Common Pets in 3D: Dynamic New-View Synthesis of Real-Life Deformable Categories
This work addresses the challenge of reconstructing deformable objects like pets from limited video data, which is incremental by extending prior rigid object methods to dynamic cases.
The paper tackles the problem of photorealistic 3D reconstruction of dynamic objects from sparse views by introducing CoP3D, a dataset of around 4,200 distinct pets, and Tracker-NeRF, a method for 4D reconstruction that achieves significantly better non-rigid new-view synthesis performance than existing baselines.
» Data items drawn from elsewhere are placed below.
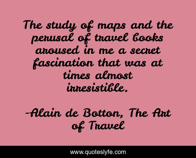 This page presents the quote "The study of maps and the perusal of travel books aroused in me a secret fascination that was at times almost irresistible.". Author of this quote is Alain de Botton, The Art of Travel. This quote is about travel, explorer, alexander-von-humboldt, scientists,.
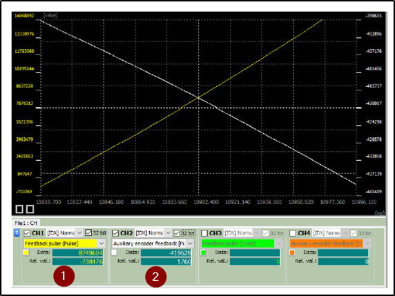 Open the scope and configure the first channel to show “Feedback Pulse (Pulse)” and the second channel to show “Auxiliary encoder feedback (Pulse)”, be sure that channels are configured as 32 bit.
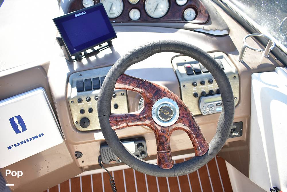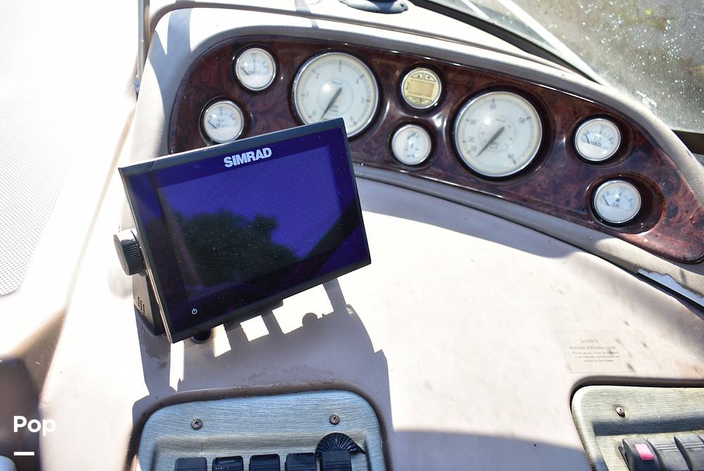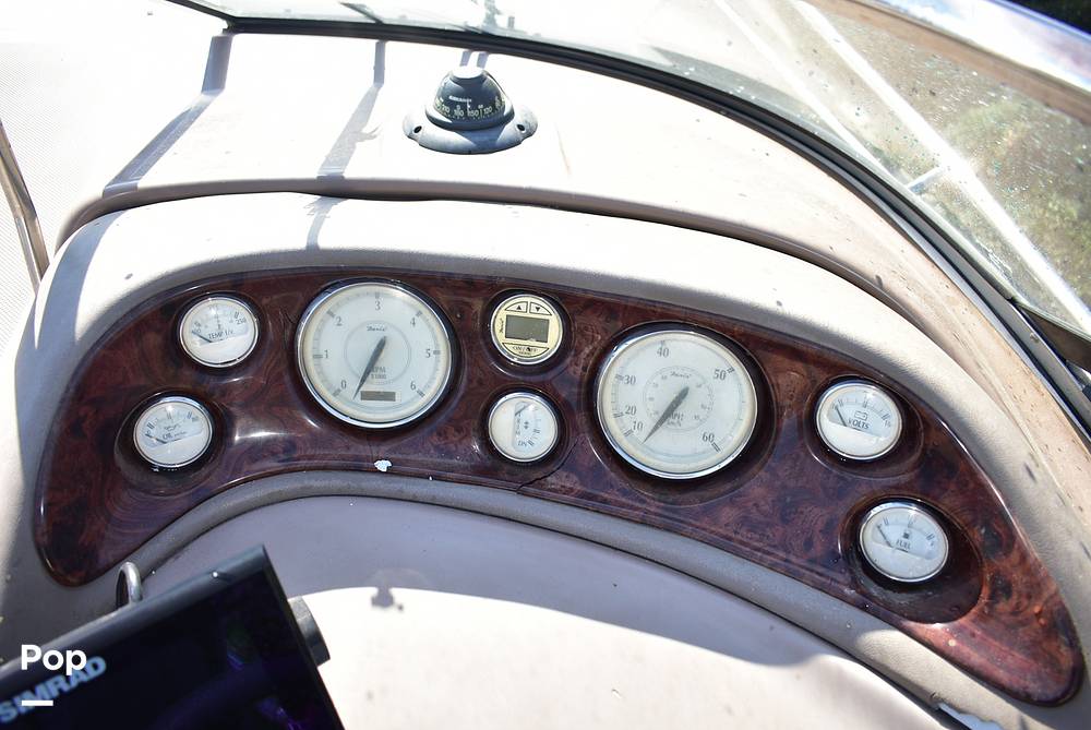 The walk-through transom door leads to a U-shaped aft seating area and a double-wide helm seat, complete with a woodgrain steering wheel, compass, and depth sounder. The Burlwood-style dash panel adds a touch of elegance. Stay on course with GPS navigation, fishfinder, Furuno radar, and enjoy the integrated sound system for those memorable moments on the water.
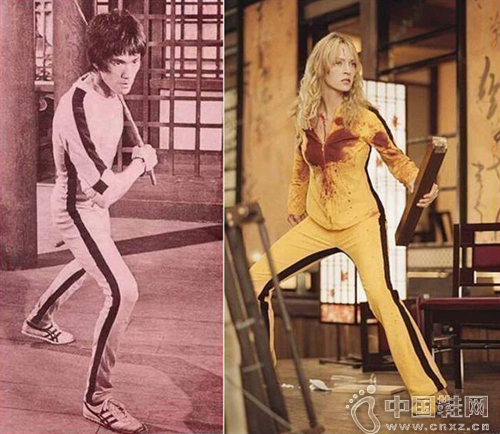 后来乌玛•瑟曼在2004年上映的《杀死比尔2》中重现了功夫皇帝当年的造型,她脚上穿的就是Onitsuka Tiger Tai Chi Le。
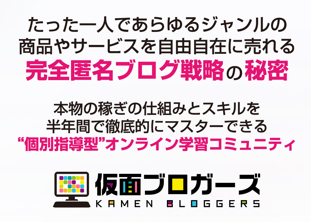 ブログで収入を得る仕組みを構築できるアフィリエイトオンライン塾「仮面ブロガーズ」

Obtaining photorealistic reconstructions of objects from sparse views is inherently ambiguous and can only be achieved by learning suitable reconstruction priors. Earlier works on sparse rigid object reconstruction successfully learned such priors from large datasets such as CO3D. In this paper, we extend this approach to dynamic objects. We use cats and dogs as a representative example and introduce Common Pets in 3D (CoP3D), a collection of crowd-sourced videos showing around 4,200 distinct pets. CoP3D is one of the first large-scale datasets for benchmarking non-rigid 3D reconstruction "in the wild". We also propose Tracker-NeRF, a method for learning 4D reconstruction from our dataset. At test time, given a small number of video frames of an unseen object, Tracker-NeRF predicts the trajectories of its 3D points and generates new views, interpolating viewpoint and time. Results on CoP3D reveal significantly better non-rigid new-view synthesis performance than existing baselines.